In his memoir of the Nigerian Civil War, On a Darkling Plain, published by Saros in 1989, for example, Saro-Wiwa explains his opposition to secession and support for the federal government during the Civil War with reference to the relationships that obtained between the Ibo elite and the ordinary Ibo and other smaller ethnic nations, including the Ogoni, who inhabited the seceding Eastern Region, Biafra. Before the war began, he observes, “[a] lmost 94% of the Region’s crude oil production[…]came from the non-Ibo sections of the Region” and, as a result, there had been considerable Ibo investment within the region outside Iboland and especially in the coastal cities of the Niger Delta. Ibo economic dominance in the oil-producing areas had also been consolidated, Saro-Wiwa maintains, by their control in the East, under the federal system, over offices within the civil service, government boards and corporations. And while it was clear that the Ibo elite were disadvantaged by the Hausa-Fulani monopoly over government at the level of the state, he contends that they were not averse to using the numerical advantage of their ethnic group within the Eastern region to secure undemocratic gains there. In fact, he construes the greed of the Ibo elite as a key factor in the 1967 secession of the region from the federal state.
To say that the politics of the civil war were complicated would be an understatement. Numerous biographical, historical and fictional accounts have been produced but the causes and consequences of inter-communal conflict and violence—from the September massacre of 80,000-100,000 Ibos in 1966 to the end of the siege of Biafra in 1970, during which approximately 2.5 million Biafrans died—still merit further exploration. While it has become clear, for instance, that Federal forces could not have laid siege to Biafra without the support of the British government and military—who, by the end of the war, had supplied 97% of federal arms— disagreement persists regarding the decision for the East to secede. Some commentators continue to regard it as a visionary effort by the Ibo leadership to throw off the compromised state system bequeathed by colonial powers. Others, including Saro-Wiwa, deplored the decision, characterizing General Odumegwu Ojukwu, who led the secession in 1967, as a short-sighted megalomaniac and gambler. “He was on a naked quest for power” Saro-Wiwa wrote in On a Darkling Plain, “and Ibo suffering at the time was his ladder to that power”..
While Saro-Wiwa did not hide his disdain for the Biafran leaders, however, his stance on the war in his memoirs, fiction and poetry is less stalwartly federalist than unfalteringly anti-war. As literary critic Charles Lock has convincingly argued, it is the seductive fervour of the Ibo leadership’s self-righteous, war-mongering rhetoric more than the events of the war itself that forms the subject of his most acclaimed literary work, the experimental novel, Sozaboy.
The interest of this novel for postcolonial literary critics first lay in its defiant use of a dialect, which Saro-Wiwa, in his prefatory “Author’s Note” called “rotten English”, not simply in the dialogue between characters—or within what literary critics call the “inner frame” of the text—but throughout it, and even, as Lock points out, within the para-textual elements of the novel such as chapter headings.
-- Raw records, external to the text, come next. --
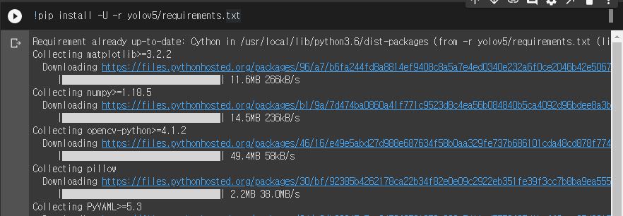 그다음 pip 명령어를 통해서 Yolov5에 관련 필요한 파일을 설치합니다.
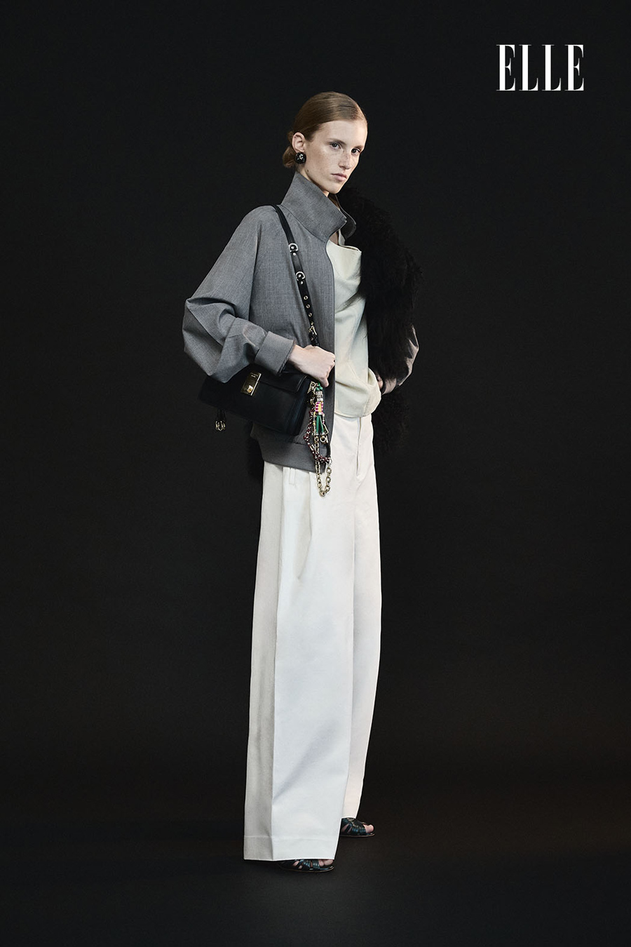 Jachetă și geantă Prada, ambele magazinul Mengotti; blană Ann Demeulemeester, magazinul Entrance; top și pantaloni COS; cercei magazinul Vintage Lady; pantofi Anna Field, www.zalando.ro.
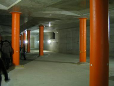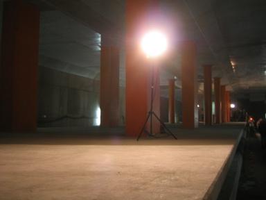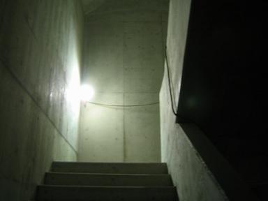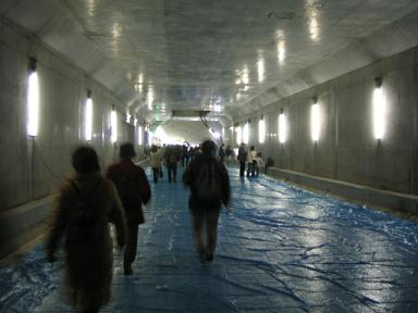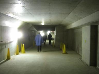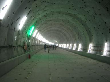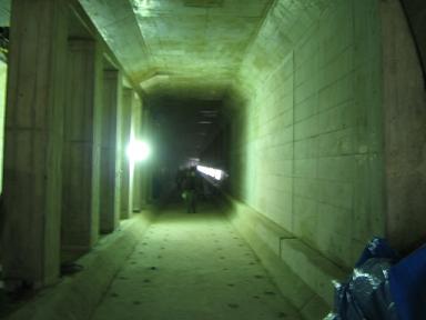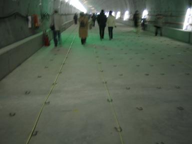 | 先の方が少し右カーブしています。 距離感がなくならないためか、ところどころに色付き蛍光灯が 設置されています。 |
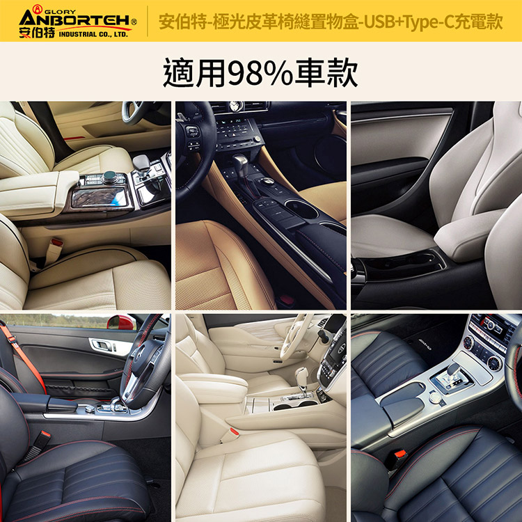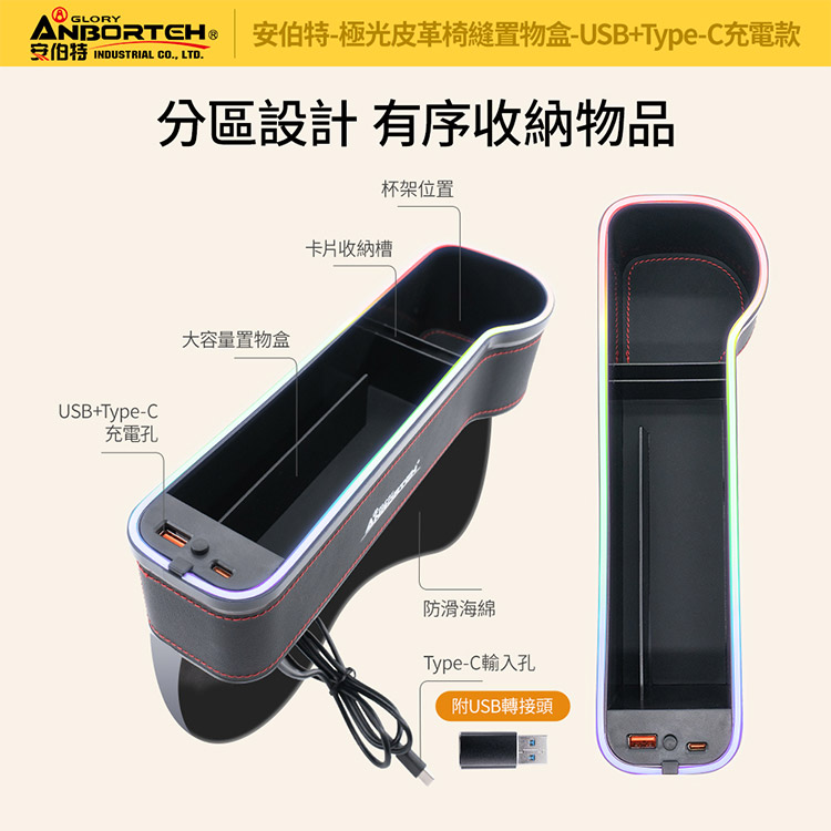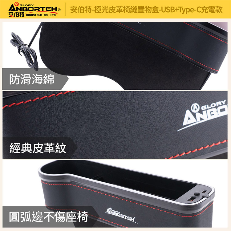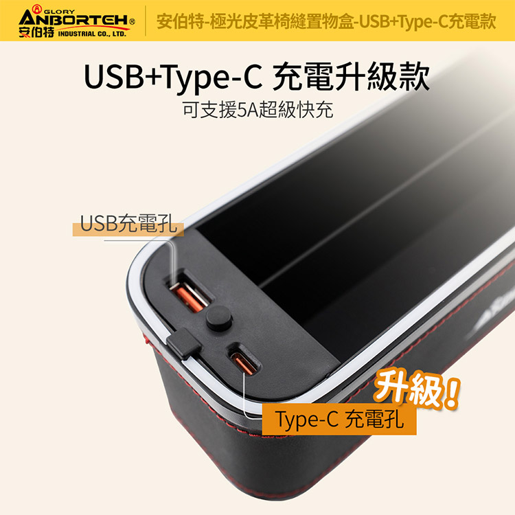 【安伯特】極光皮革椅縫置物盒-USB+Type-C充電款
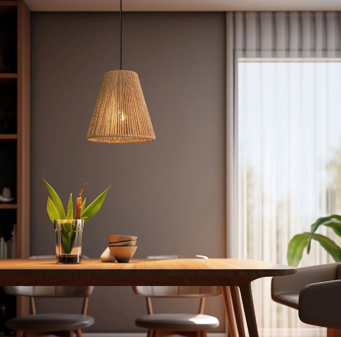 • Stile Vintage e Naturale: Questa lampada a sospensione aggiunge creatività e un tocco hygge alla tua casa. Perfetta per diverse ambientazioni, come bar, cucina, soffitta, sala da pranzo, studio e camera da letto. Scegli di installarla singolarmente o in gruppo per un impatto visivo ancora maggiore.
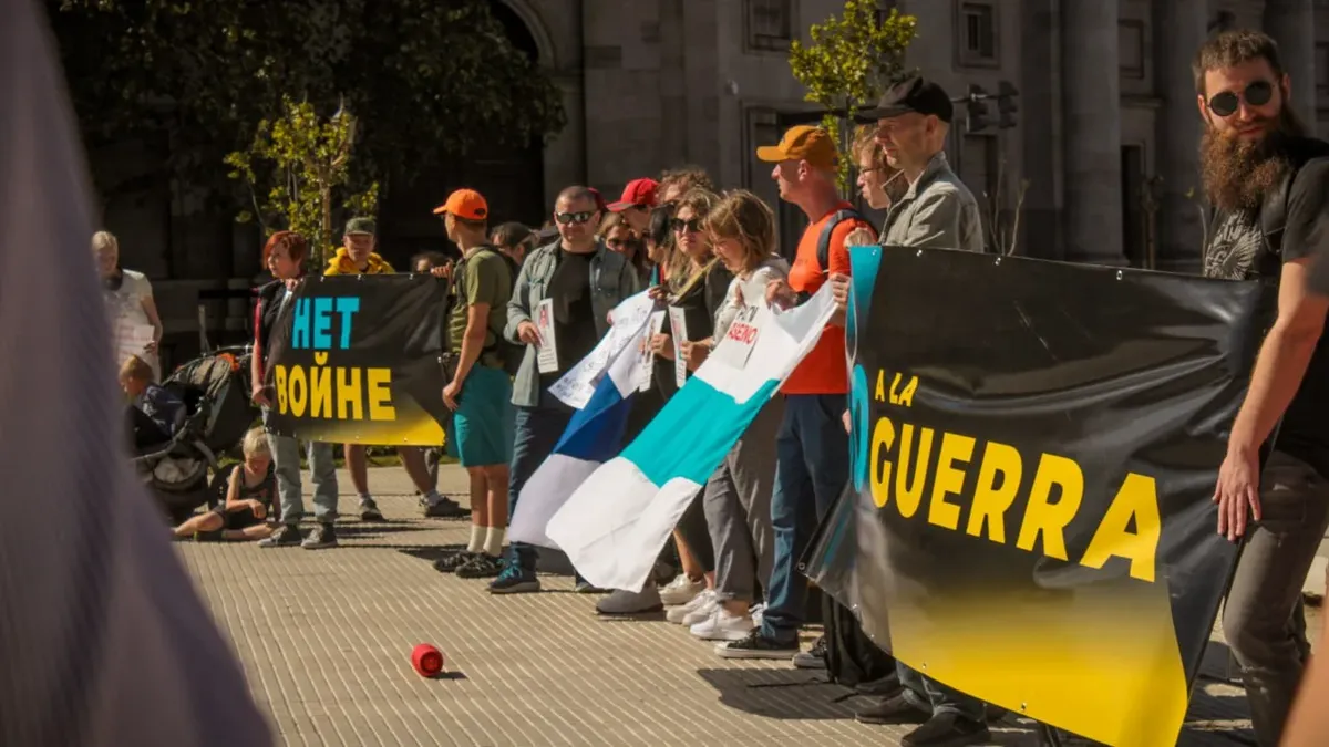 — Putin — asеsino! Путин — хуйло! — громко скандируют от силы полтора десятка активистов, стоя на обочине одной из центральных улиц Буэнос-Айреса. В руках у них украинские и бело-сине-белые флаги, а также большая растяжка с надписью «No a la Guerra» («Нет войне»).
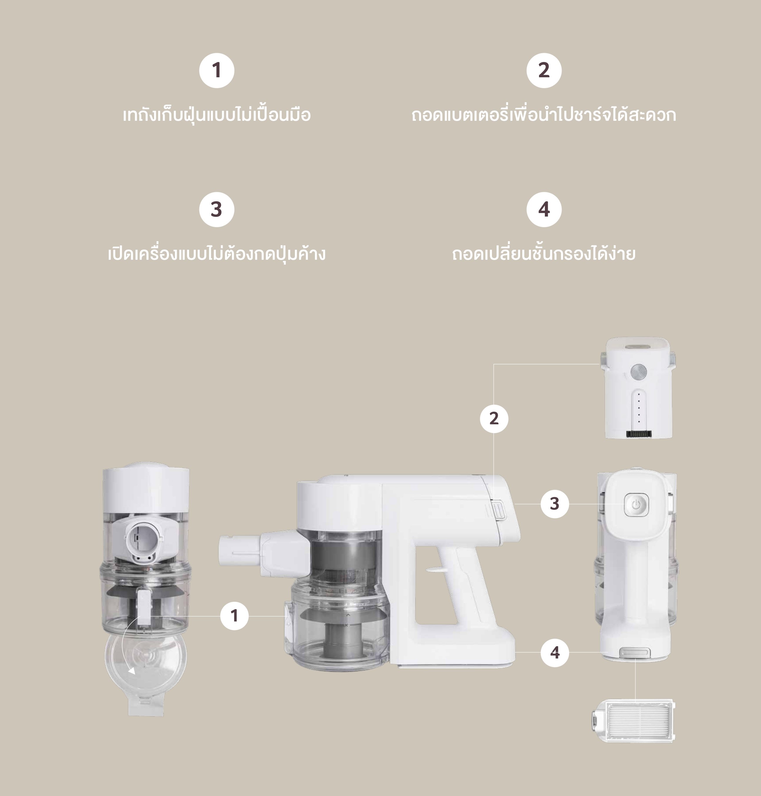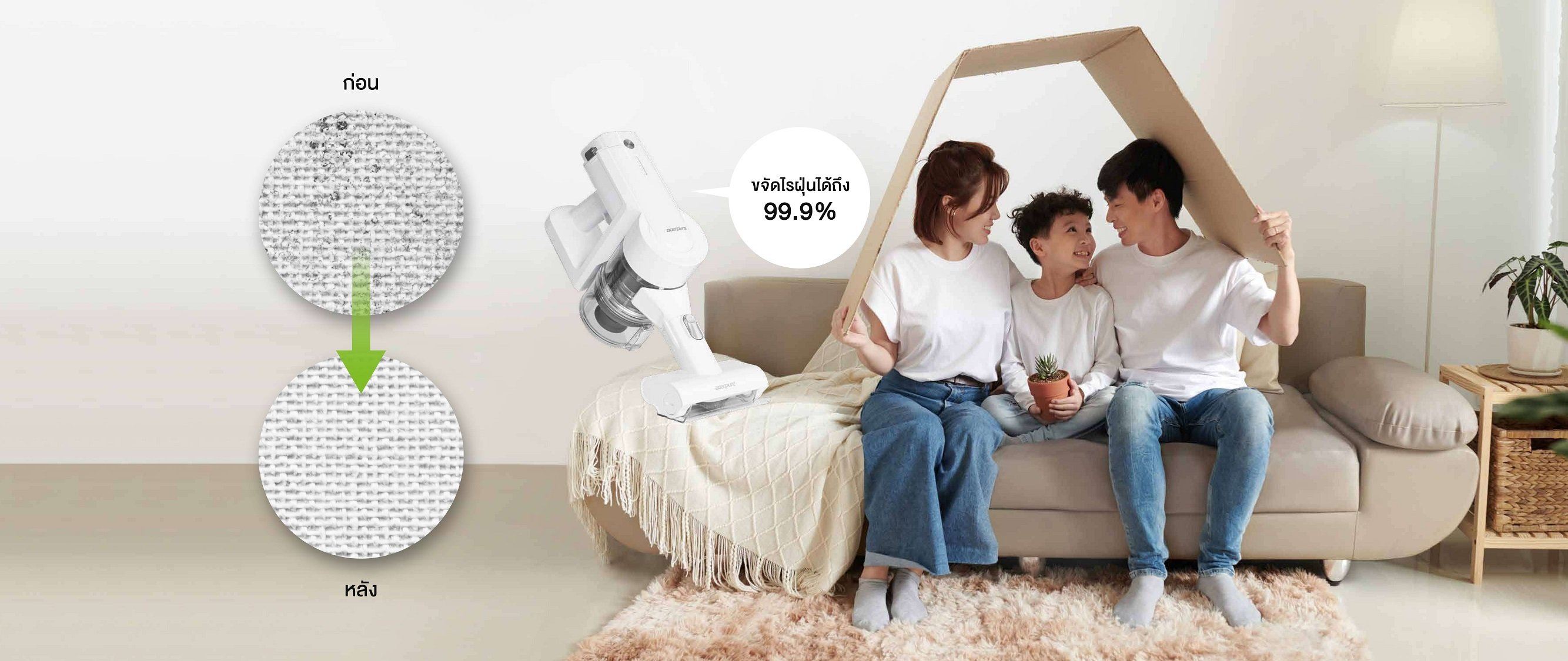 ดูดฝุ่นได้สะอาดโดยไม่ต้องปาดเหงื่อ ตัวเครื่องแบบไร้สายและเบาเพียง 1.5 กก. ช่วยเปลี่ยนงานบ้านให้เป็นเรื่องสนุกได้ในพริบตา
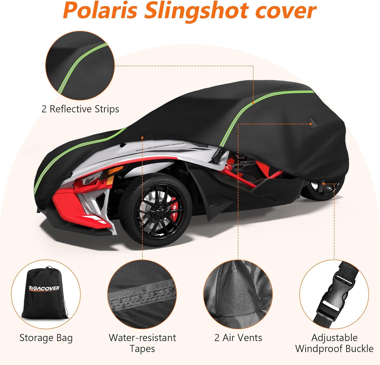 - Cover for Polaris Slingshot: Waterproof All Weather Full Cover perfectly fits for 2019-2023 Polaris Slingshot Roush Edition/S/SL/SL LE/SLR/SL Icon Series/SLR Icon Series/R/R LE model. Specifically designed for Slingshots with added rooftops or other exterior accessories, the upgraded Slingshot cover is tailored to fit perfectly.
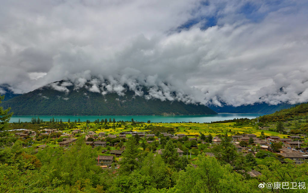 湖邊房舍錯(cuò)落,一湖如帶,濕地從湖邊村緩緩延展至湖畔,而海拔6300多米的杰青那拉嘎布雪山,照映在湖面,飄渺的云霧如從天上飄下……宛如一座世外桃源小仙境。
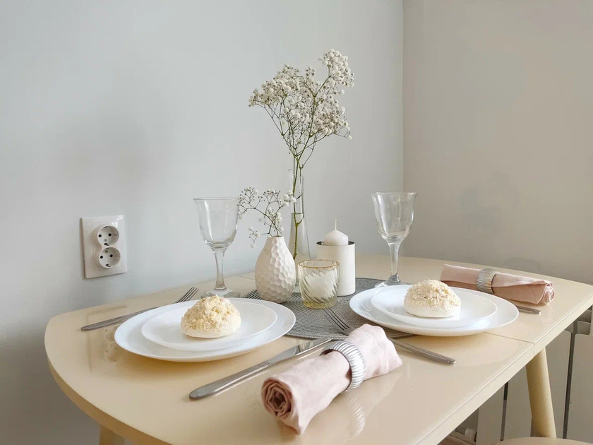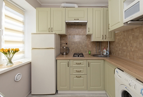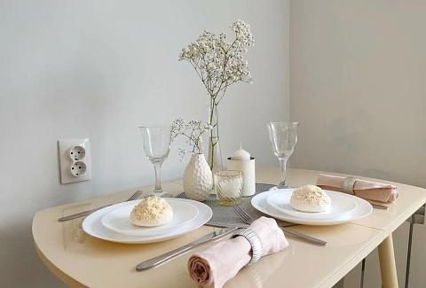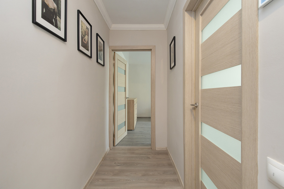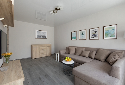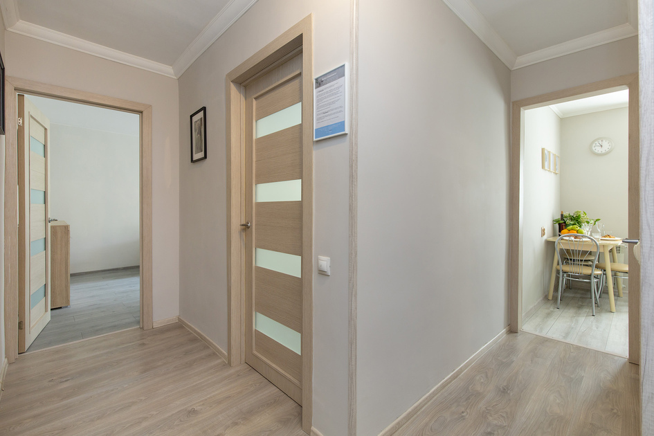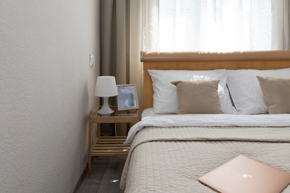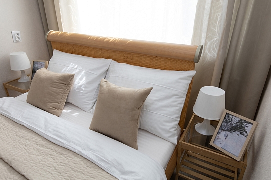 Апартаменты предоставляют гостям функциональное пространство для проживания. В соответствии со стандартами обслуживания, после каждого отъезда проводится влажная уборка, а для гостей предоставляется свежее постельное белье из профессиональной прачечной. В помещении оборудовано всё необходимое для быта, включая базовые средства гигиены, комплект посуды и бытовую технику.Интерьер выполнен в современном стиле, обеспечивая практичность и комфорт.
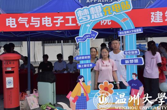 除了融合第19届杭州亚运会元素外,还将“火炬”传递搬进迎新现场,新生迈上“充电赛道”,新老生传递“火炬”,寓意着温大学子“求学问是,敢为人先”校训精神和投身科研、矢志报国精神的传递。
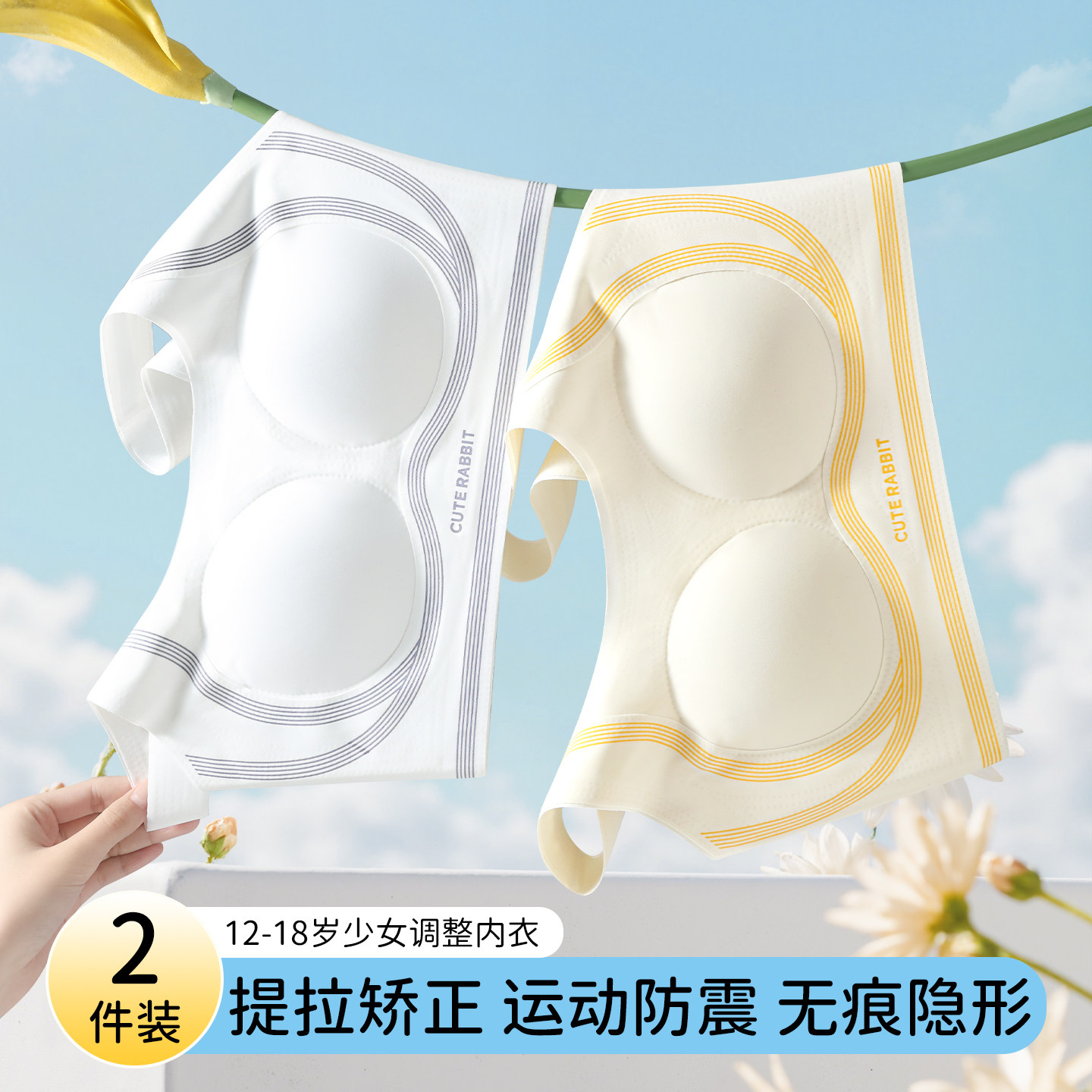 📚 发育期儿童背心初中生少女生内衣提拉矫正防震运动无痕隐形固定杯

However, while Saro-Wiwa was initially celebrated for granting an unofficial, spoken language the status and dignity of a literary one, upon closer examination of the text, the critical response became more cautious. There was no real attempt in the novel to mirror the language of everyday life nor to represent accurately the speech patterns of a particular population group. While Saro-Wiwa’s “Author’s Note” explains, for example, that the “rotten English” of his narrative comprised “a mixture of Nigerian pidgin English, broken English and occasional flashes of good, even idiomatic English”, his protagonist Sozaboy [Soldier-boy] did not appear to engage in code-switching (where his choice of words, whether pidgin or standard English, could have been expected to vary depending on his audience or location). Rather, the language of the narrative seemed as arbitrary and inconsistent as the process of decomposition announced in the word “rotten” itself.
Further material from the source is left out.